What this enables, concretely:
- Reference centres can run their own twin on the patients they actually see, with their actual outcomes, without sending data anywhere. Every centre's data stays local; the model architecture is shared.
- Patient organisations can use the public results to surface state-by-state gaps in deliverability and inform advocacy.
- Public-health agencies can run prospective audits, "Are our PCDT-recommended therapies reaching the patients they were designed for?", by cross-referencing predicted trajectories with actually observed records.
- Other LMIC public-health systems can adapt the same architecture to their own data subsystems. India, China, South Africa, Mexico, and others have the same structural shape: a public payer, a protocol layer, a high-cost-drug authorisation pipeline, a mortality registry. The data is the work; the architecture transfers.
What's next
Three concrete extensions are in flight:
- External validation on MIMIC-IV, using a rare-disease subset (MIMIC-RD), to confirm that the GEMEO architecture generalises beyond the Brazilian public-health system.
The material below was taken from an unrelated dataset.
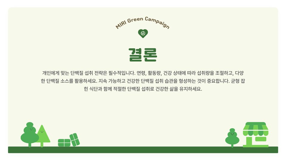 결론적으로, 자신의 생활 습관과 신체 조건에 맞는 적절한 1일 단백질 섭취량을 이해하고 이를 지키는 것이 건강한 삶을 위한 기초가 됩니다. 적절한 단백질 섭취를 통해 건강을 지키고 삶의 질을 높이는 데 도움이 되길 바랍니다. 감사합니다!

- Tier-1 clinician evaluation: a blinded study in which Brazilian geneticists, paediatricians, and internists rate the plausibility of GEMEO-generated trajectories against held-out ground truth (following the methodology of Foresight).
- Federated training across the 45 reference centres, scaling the platform beyond DATASUS into deeply phenotyped real-world cohorts without moving any patient data outside its originating centre.
The model code, trained checkpoints, and ingestion pseudocode are released open source. The orchestration layer that wraps GEMEO into a clinician-facing product is intentionally not part of this open-source release; the reproducible scientific artifact is the model, the data pipeline, and the evaluation harness.
Sources
The data used in this study comes exclusively from DATASUS’s open portal (SIH-RD, APAC-Medicamentos, SIM), released by Brazil’s Ministry of Health for transparency and research purposes.
Legal basis
Processing was performed under Art. 7, IV (studies by a research body) and Art. 11, II, items “c” and “f” (sensitive health data for public-health studies and research) of Brazil’s General Data Protection Law (LGPD, Federal Law 13.709/2018).
Pseudonymisation
No personally identifiable data (names, taxpayer IDs, plaintext health-card numbers, or addresses) was accessed or processed. The AP_CNSPCN identifier is a hash of the National Health Card generated upstream by the public-health system itself, the longitudinal linkage of 13,304 patients is performed on this pre-existing pseudonym, with no re-identification.
Non-reidentifiability
The model neither stores nor reconstructs individual patient trajectories; its predictions operate over aggregate embeddings and do not permit reverse inference to individuals.
Not a diagnosis
GEMEO is a research tool. Its predictions do not constitute medical diagnosis, prescription, or a substitute for clinical evaluation by a licensed professional.
Ethics review
Studies based exclusively on Brazil’s open and anonymised DATASUS records are exempt from CEP/CONEP ethics review pursuant to National Health Council Resolution 510/2016, Art. 1, sole paragraph, V.
Compliance
The authors declare compliance with Brazil’s LGPD, the Access to Information Law (Federal Decree 7.724/2012), and the DATASUS open-data usage policy.